What a good girl. My poor old dog has been manhandled by kids her whole life. Fortunately, she LOVES every minute of it. Nothing like a bomb proof GSD.

I hope the animal shelter did a good job helping that little boy find the right dog. If so - lucky little boy and lucky dog.


----------



## iglinska1 (May 10, 2010)

I took my girl Koda, to work with 3 Autistic kids, and they pretended she was a dragon and were hitting her on the head, yelling "kill the dragon" and playing tug a way with her tail!!...
She just ignored the kids the whole time without any reaction  . GSD are the greatest with kids.


----------



## Puppy (Jan 31, 2011)

That sounds so sweet!! Your dog deserves to be spoiled after that!!


----------



## hunterisgreat (Jan 30, 2011)

Good for her  Its always nice to see a dog behave well at the hands of a kid's "abuse"... you never know how that will go, and b/c of the ramifications of it going bad you can't really proof the dog for it on purpose.

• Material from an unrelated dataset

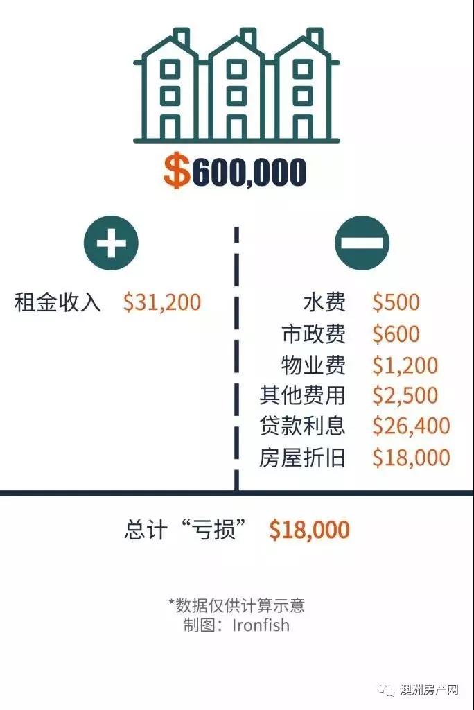 但去年,小王买了一套60万的投资房,租金收入$600/周,这时候,这笔投资生意带来的效益如下图所示:

I think we all (species I mean) have a naturally higher tolerance for babies.. think about it. Even smelly nasty animal's babies are cute to nearly any human's eyes. Probably deeply genetic. If we didn't have a natural high tolerance for kid's none of them would survive lol.


----------



## codmaster (Aug 5, 2009)

Caitydid255 said:


> Today while doing some errands I took Freyja with me and decided to stop at the local Petco to pick her up a new brush. I figured with the snow it would be pretty empty inside, thus allowing me to work on some training in a new environment. I turned away from her for a second to pick the brush up off the rack, and when I turned around there was a small child ATTACHED to Freyja's neck. Poor Freyja was staring at me with this "Mommy, I don't like it, please get it off of me" expression. I unwrapped the kid's arms from her neck and sent him back to his mother. As he ran away I heard him yell "Mommy, I want one like that one!" Apparently his parents had taken him to the store to get puppy supplies and were going to the animal shelter next.
> 
> I am so proud of my little girl. Freyja has little experience with children and has only been exposed to my Fiance's little cousins who are calm and well behaved. Her entire life she has never been manhandled by a child. I can't get over how well she behaved. Right after we left Petco I went to to grocery store and bought her a soup bone as a reward. She is currently curled up by my feet happily gnawing away.:wub:


 
Great dog! That is what a GSD (or any other dog for that matter) should do with any small child!


----------



## AbbyK9 (Oct 11, 2005)

> turned away from her for a second to pick the brush up off the rack, and when I turned around there was a small child ATTACHED to Freyja's neck. Poor Freyja was staring at me with this "Mommy, I don't like it, please get it off of me" expression. I unwrapped the kid's arms from her neck and sent him back to his mother.


I think Freyja did a wonderful job being so patient with the child, even if she does not have very much experience with kids. I also think you did a good job by removing the child from her neck and sending him back to his mom, knowing that your dog did not have a lot of experience with little kids and did not enjoy it!



> took my girl Koda, to work with 3 Autistic kids, and they pretended she was a dragon and were hitting her on the head, yelling "kill the dragon" and playing tug a way with her tail!!...
> She just ignored the kids the whole time without any reaction  . GSD are the greatest with kids.


I sure hope you removed her from this situation when she was having her tail tugged and when she was being hit on the head. While dogs should be tolerant of children, and most are (especially children with disabilities), I don't think it's fair to your dog to be expected to just put up with being hit and pulled on.


----------



## codmaster (Aug 5, 2009)

I see that Freya is only a puppy herself. Wouldn't we expect that a normal GSD puppy would be good with kids and very tolerant of them? 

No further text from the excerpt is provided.